South Africa then reached 207 for three at the close, with Graeme Smith making 51, and Hashim Amla and AB de Villiers unbeaten on half tons of their own. The Proteas looked on track for yet another innings victory.
Pakistan started the day on six for none, but they soon found themselves three down with the score on 12. Steyn was on fire and his first spell was the epitome of aggression, as he removed Mohammad Hafeez, Nasir Jamshed and Younis Khan in the first 20 minutes.
Kallis then came on to break the relative deadlock as maiden after maiden was sent down. He sent a snorter at Azhar Ali, who tried to fend it away from his face but only managed to glove it to de Villiers behind the stumps.
The pressure continued and Misbah soon followed, much to the fury of Pakistan coach Dav Whatmore, who jumped out of his seat at Billy Bowden's decision being overturned. Kallis' appeal was strong, but the rest didn't seem convinced, and when Steve Davis used DRS to overturn the original not out, Bowden's face was the picture of surprise.
As it was, the rout continued thanks to Philander, who added tow more scalps to the pile. Asad Shafiq fund himself caught behind, followed by Umar Gul, who was caught in the slips by Smith. At lunch, Sarfraz Ahmed and Saeed Ajmal were each unbeaten on one.
The rot continued and Pakistan were soon all out after the interval, with Steyn adding three more wickets to his tally. De Villiers took two almost identical catches, diving to his right both times, to get rid of Ajmal and Ahmed.
The final wicket, giving Steyn his best figures (6/8) on home soil, was Rahat Ali, as he popped the ball up for Faf du Plessis to take, reducing Pakistan to their worst ever innings score in a Test.
Smith and Alviro Petersen were relatively cautious as the afternoon progressed, but they played their shots when the opportunities arose. Smith was the more confident of the two, hitting seven boundaries before tea and looking much better than he had on day one.

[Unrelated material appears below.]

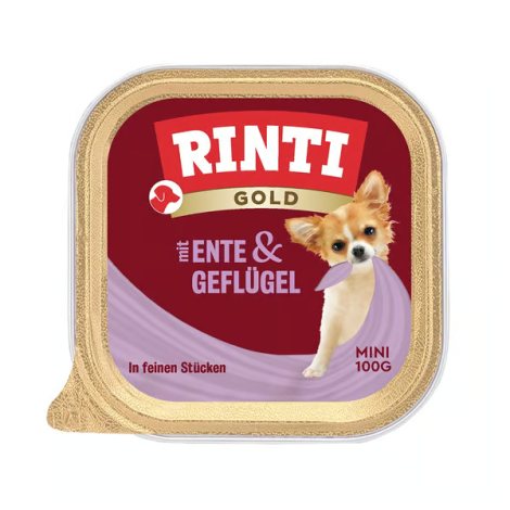 Jemná paštéta Rinti Gold s kačacím a hydinovým mäsom. Kompletné krmivo pre dospelých psov malých rás.

Biff brought up his half century soon after the restart, hitting a boundary to record it on the 69th delivery he'd faced. Petersen then ruined the partnership in the same over, skying a pull shot and caught by Hafeez off Gul for 27.
The pacer struck again five runs later, the score on 87, when Smith edged him to the keeper. He had made 52, and his departure brought Kallis in to join Hashim Amla in the middle. The lead was 291 at that stage.
South Africa's third wicket fell with the score on 99 as Kallis departed for just seven, and it looked like the bowlers would continue to have all the luck. It was a spinner this time though, as Ajmal induced a top-edged slog-sweep from the batsman.
Amla and De Villiers then proceeded to dominate without seeming to do so. They played no risky shots, hit very few boundaries, but they rotated the strike with ease and used their leg side flicks to perfection.
De Villiers got his fifty off 63 balls, and was on 63 at stumps, while Amla recorded his 25th Test half ton in the final over of the day, off 91 deliveries.